Finra sanctions reform means larger firms could see tougher penalties

Finra sanctions reform means larger firms could see tougher penalties
The self-regulator formally removes the $310,000 ceiling on the fines that can be imposed on midsize and big brokerages.
SEP 30, 2022

When big brokerages violate Finra rules, the industry’s self-regulator could hit them with larger fines under an update of its sanctions parameters.

The Financial Industry Regulatory Authority Inc. removed the $310,000 ceiling on the recommended highest range for penalties for midsize and large firms, according to a regulatory notice released Thursday.

The update aligns the guidelines with the reality that Finra often imposes larger penalties, such as the record $70 million fine of Robinhood over alleged investor harm related to the gamification of trading activity.

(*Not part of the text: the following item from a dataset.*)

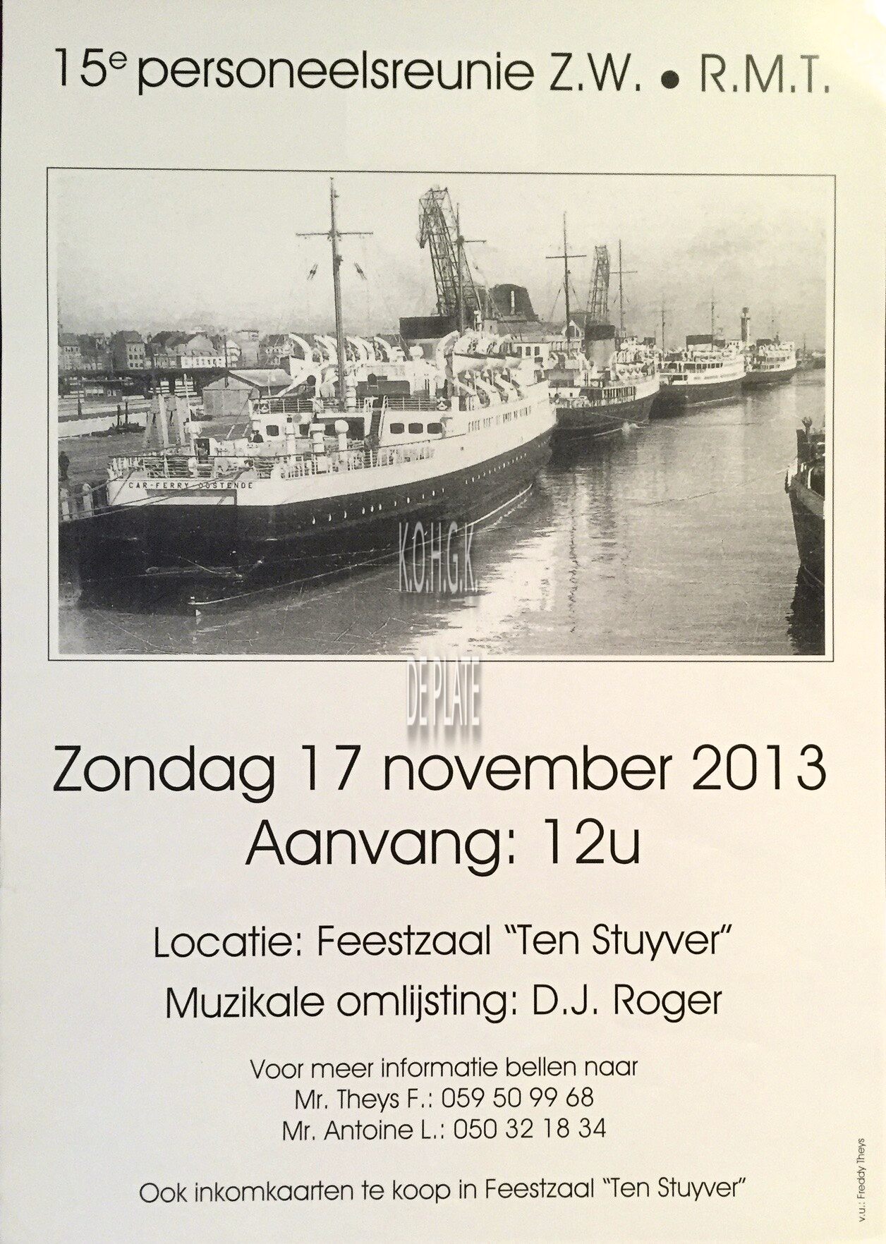 Affiche : Regie voor Maritiem Transport. Bestuur van Zeewezen. 15de Personeelsreunie. Feestzaal "Ten Stuyver". 17/11/2013

“It codifies there’s no upper limit to a number of the sanctions,” said Brad Bennett, who headed Finra’s enforcement arm from 2011 to 2017.

The sanctions reforms “give enforcement additional tools to address misconduct," he said. "Net-net, the bottom line is they’re good for investor protection.”

The regulatory notice said the sanctions guidelines don’t set predetermined fine amounts for violations but rather establish the baseline fine that can be adjusted if there are aggravating or mitigating circumstances.

Removing the high end of the sanction range reflects the settlement amounts Finra typically seeks for fraud, churning, best-execution failures, supervisory lapses, sales of unregistered securities and other violations.

The sanctions guidelines are used by Finra hearing panels and its National Adjudicatory Council when imposing penalties. The revision splits each current guideline into one for firms and one for individuals and creates separate fine ranges for small and large firms, in addition to eliminating the fine ceiling for big brokerages.

“It’s a pretty explicit recognition that larger firms will pay larger fines,” said Susan Schroeder, a partner at WilmerHale and director of Finra enforcement from 2017 to 2019.

Finra is modernizing its sanctions structure, said Emily Gordy, a former Finra senior vice president for enforcement.

“It doesn’t make them tougher,” said Gordy, a partner at McGuireWoods. “What it does is … more accurately reflect what [Finra’s] expectations are, what they’re seeking in settlements and what sanctions might be imposed in litigation. They’ve removed that higher end of the range. It’s a clear way to explain to people what might happen.”

Other reforms include introducing six anti-money-laundering guidelines, describing additional nonmonetary sanctions and establishing a $5,000 minimum for all sanction ranges.

“The changes to the Sanction Guidelines align the sanctions to where FINRA’s Enforcement program has evolved,” Finra executive vice president and head of enforcement Jessica Hopper said in a statement. “The Sanction Guidelines also bolster FINRA’s mission of protecting investors by reflecting how grave violations of FINRA’s rule will result in serious sanctions.”

The sanctions revisions help Finra demonstrate an emphasis on enforcement, Bennett said.

“Their public statements indicate they’re under pressure from the [Securities and Exchange Commission] to show increased enforcement results,” he said. “I think [the sanctions update] is a positive step. They were really well thought-out.”

The enhanced sanction specificity could deter malfeasance.

“Having this increased clarity can really assist in compliance efforts,” Gordy said.

Although Schroeder praised the sanctions reform as a “really meaningful update,” she questioned its genesis. The changes were presented to the NAC, essentially Finra’s Supreme Court, by Finra staff who often argue in front of it for penalizing member firms.

“That’s backwards,” Schroeder said. “The NAC is meant to be the objective, decision-making body that sets the standards that Finra staff is supposed to follow. It results in Finra staff having more room to demand higher sanctions.”